Salve Papa Jorge

por Jorge Furtado
em 16 de março de 2013

Em ano de Ogum, dou meu salve ao Papa Jorge, o primeiro.

Primeira impressão: cara melhor que a do outro, o Darth Vader que foi a África aconselhar aos pobres infectados pela aids que não usassem camisinha. Este parece um pouco o Stan Laurel, o que é um bom sinal.

Segunda impressão: ótima escolha do nome, Francisco Primeiro. Importante por ser Francisco e importante por ser o primeiro. Religiosos que olhem mais para os pobres, mais para os valores da alma que para a senha do cartão do banco dos fiéis farão muito bem ao mundo. “É dando que se recebe” virou sinônimo de roubalheira, ninguém mais lembra que é uma frase da Oração de São Francisco, uma das mais belas da religião católica. Espero que o Papa Francisco guie sua igreja pelos seus preceitos.

Senhor: fazei de mim um instrumento de vossa Paz.
Onde houver Ódio, que eu leve o Amor,
Onde houver Ofensa, que eu leve o Perdão.
Onde houver Discórdia, que eu leve a União.
Onde houver Dúvida, que eu leve a Fé.
Onde houver Erro, que eu leve a Verdade.
Onde houver Desespero, que eu leve a Esperança.
Onde houver Tristeza, que eu leve a Alegria.
Onde houver Trevas, que eu leve a Luz!
Ó Mestre,
fazei que eu procure mais:
consolar, que ser consolado;
compreender, que ser compreendido;
amar, que ser amado.
Pois é dando, que se recebe.
Perdoando, que se é perdoado e
é morrendo, que se vive para a vida eterna.

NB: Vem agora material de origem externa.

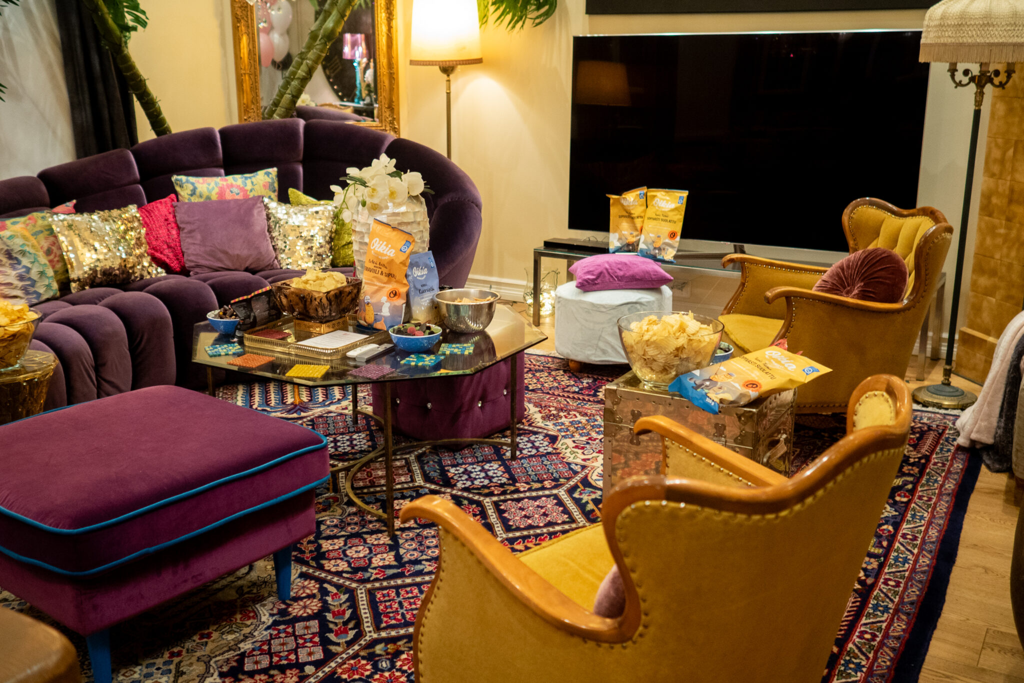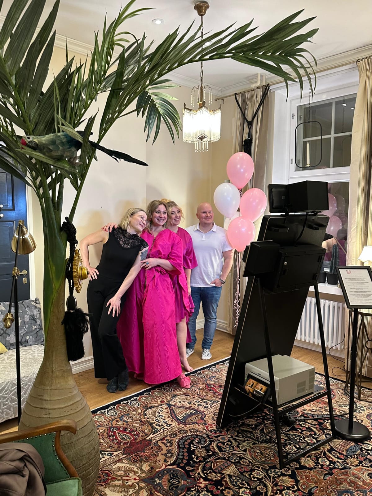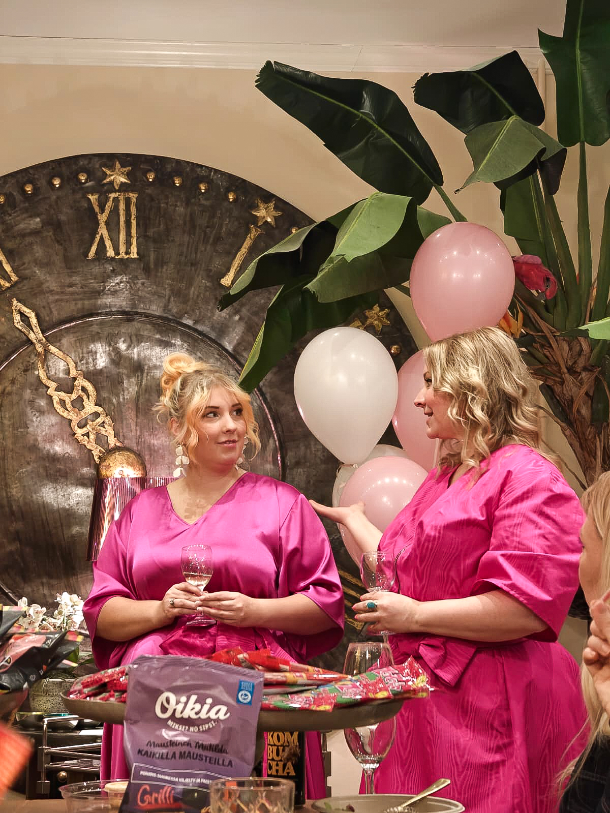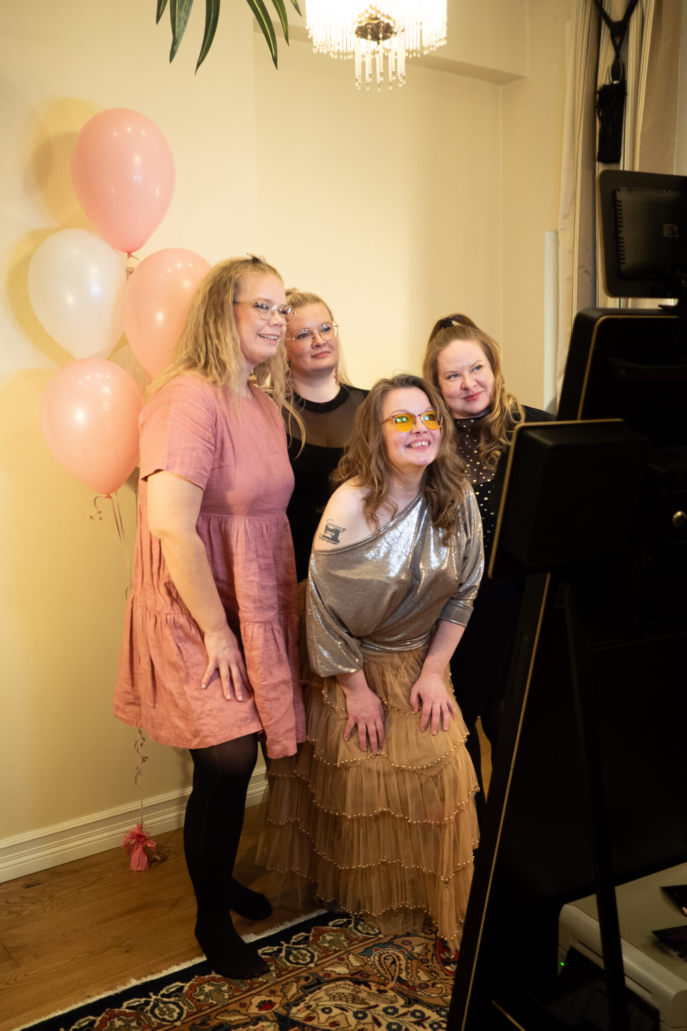 Juhlat järjestettiin Votto Boutique -asunnossa Helsingin keskustassa. Kyseessä oli yhden makuuhuoneen tilava luksusasunto, joka oli sisustettu todella upeasti ja näyttävästi. Asunto oli ihanteellinen meidän juhlille avaran tilan ja hyvän pohjaratkaisun puolesta. Koristeluun tai somistamiseen ei tarvinnut aikaa käyttää, sillä asunnossa oli niin upeita ja näyttäviä yksityiskohtia, joita ihasteltiin kilpaa. Ainot koristeet olivat Juhlamaailmasta saadut ilmapallot, jotka toivat toivotun ripauksen juhlan tunnetta ja toimivat rekvisiittana kuvausseinällä.

Ódio por aqui é o que não falta. Por exemplo, contra os homossexuais. Pense comigo, cá entre nós: o que é que a igreja (ou o estado, ou quem quer que seja) tem a ver com o tesão dos outros? Como disse o Jorge Mautner Primeiro (e único), “tanto faz gostar de coelho ou de coelha”. O que a igreja (ou o estado, ou quem quer que seja) tem a ver com isso?

Ofensa então, é o dia inteiro, toneladas por segundo, em sites, blogs, faces, tuíters e tais. Discórdia, erro, desespero, trevas, tem de rodo. Da tristeza e das dúvidas eu não me queixo.

O primeiro gaúcho (o primeiro a tomar um mate por gosto e não só para tirar foto), o primeiro latino americano, o primeiro Francisco, o primeiro jesuíta. Tantas novidades num só Papa parecem um bom sinal.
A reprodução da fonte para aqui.